Thank you for your investigation into this!
Just for completeness, I've confirmed it's a problem only in REPL, not in
compiled Spark programs.
But within REPL, a direct consequence of non-same classes after
serialization/deserialization also means that lookup() doesn't work:
scala> class C(val s:String) extends Serializable {
| override def equals(o: Any) = if (o.isInstanceOf[C])
o.asInstanceOf[C].s == s else false
| override def toString = s
| }
defined class C
scala> val r = sc.parallelize(Array((new C("a"),11),(new C("a"),12)))
r: org.apache.spark.rdd.RDD[(C, Int)] = ParallelCollectionRDD[3] at parallelize
at <console>:14
scala> r.lookup(new C("a"))
<console>:17: error: type mismatch;
found : C
required: C
r.lookup(new C("a"))
^
On Tuesday, May 13, 2014 3:05 PM, Anand Avati <[email protected]> wrote:
On Tue, May 13, 2014 at 8:26 AM, Michael Malak <[email protected]> wrote:
Reposting here on dev since I didn't see a response on user:
>
>I'm seeing different Serializable behavior in Spark Shell vs. Scala Shell.
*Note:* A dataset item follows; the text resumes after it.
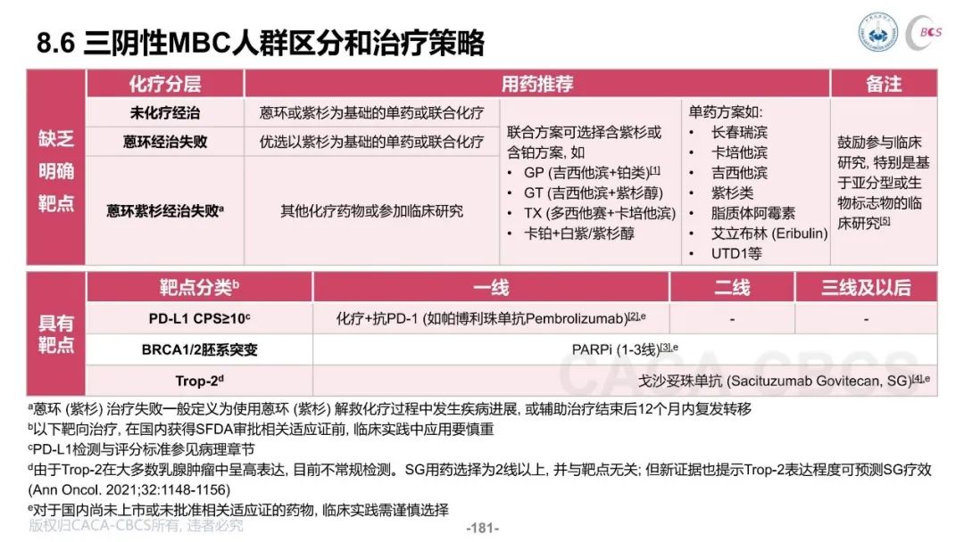 首先对于晚期TNBC患者,需要确认是否具有可治疗的靶点,如果患者缺乏明确的可治疗靶点,那么需要根据化疗分层来开展不同的治疗。

In
>the Spark Shell, equals() fails when I use the canonical equals() pattern of
>match{}, but works when I subsitute with isInstanceOf[]. I am using Spark
>0.9.0/Scala 2.10.3.
>
>Is this a bug?
>
>Spark Shell (equals uses match{})
>=================================
>
>class C(val s:String) extends Serializable {
> override def equals(o: Any) = o match {
> case that: C => that.s == s
> case _ => false
> }
>}
>
>val x = new C("a")
>val bos = new java.io.ByteArrayOutputStream()
>val out = new java.io.ObjectOutputStream(bos)
>out.writeObject(x);
>val b = bos.toByteArray();
>out.close
>bos.close
>val y = new java.io.ObjectInputStream(new
>java.io.ByteArrayInputStream(b)).readObject().asInstanceOf[C]
>x.equals(y)
>
>res: Boolean = false
>
>Spark Shell (equals uses isInstanceOf[])
>========================================
>
>class C(val s:String) extends Serializable {
> override def equals(o: Any) = if (o.isInstanceOf[C]) (o.asInstanceOf[C].s ==
>s) else false
>}
>
>val x = new C("a")
>val bos = new java.io.ByteArrayOutputStream()
>val out = new java.io.ObjectOutputStream(bos)
>out.writeObject(x);
>val b = bos.toByteArray();
>out.close
>bos.close
>val y = new java.io.ObjectInputStream(new
>java.io.ByteArrayInputStream(b)).readObject().asInstanceOf[C]
>x.equals(y)
>
>res: Boolean = true
>
>Scala Shell (equals uses match{})
>=================================
>
>class C(val s:String) extends Serializable {
> override def equals(o: Any) = o match {
> case that: C => that.s == s
> case _ => false
> }
>}
>
>val x = new C("a")
>val bos = new java.io.ByteArrayOutputStream()
>val out = new java.io.ObjectOutputStream(bos)
>out.writeObject(x);
>val b = bos.toByteArray();
>out.close
>bos.close
>val y = new java.io.ObjectInputStream(new
>java.io.ByteArrayInputStream(b)).readObject().asInstanceOf[C]
>x.equals(y)
>
>res: Boolean = true
>
Hmm. I see that this can be reproduced without Spark in Scala 2.11, with and
without -Yrepl-class-based command line flag to the repl. Spark's REPL has the
effective behavior of 2.11's -Yrepl-class-based flag. Inspecting the byte code
generated, it appears -Yrepl-class-based results in the creation of "$outer"
field in the generated classes (including class C). The first case match in
equals() is resulting code along the lines of (simplified):
if (o isinstanceof Cstr && this.$outer == that.$outer) { // do string compare
// }
$outer is the synthetic field object to the outer object in which the object
was created (in this case, the repl environment). Now obviously, when x is
taken through the bytestream and deserialized, it would have a new $outer
created (it may have deserialized in a different jvm or machine for all we
know). So the $outer's mismatching is expected. However I'm still trying to
understand why the outers need to be the same for the case match.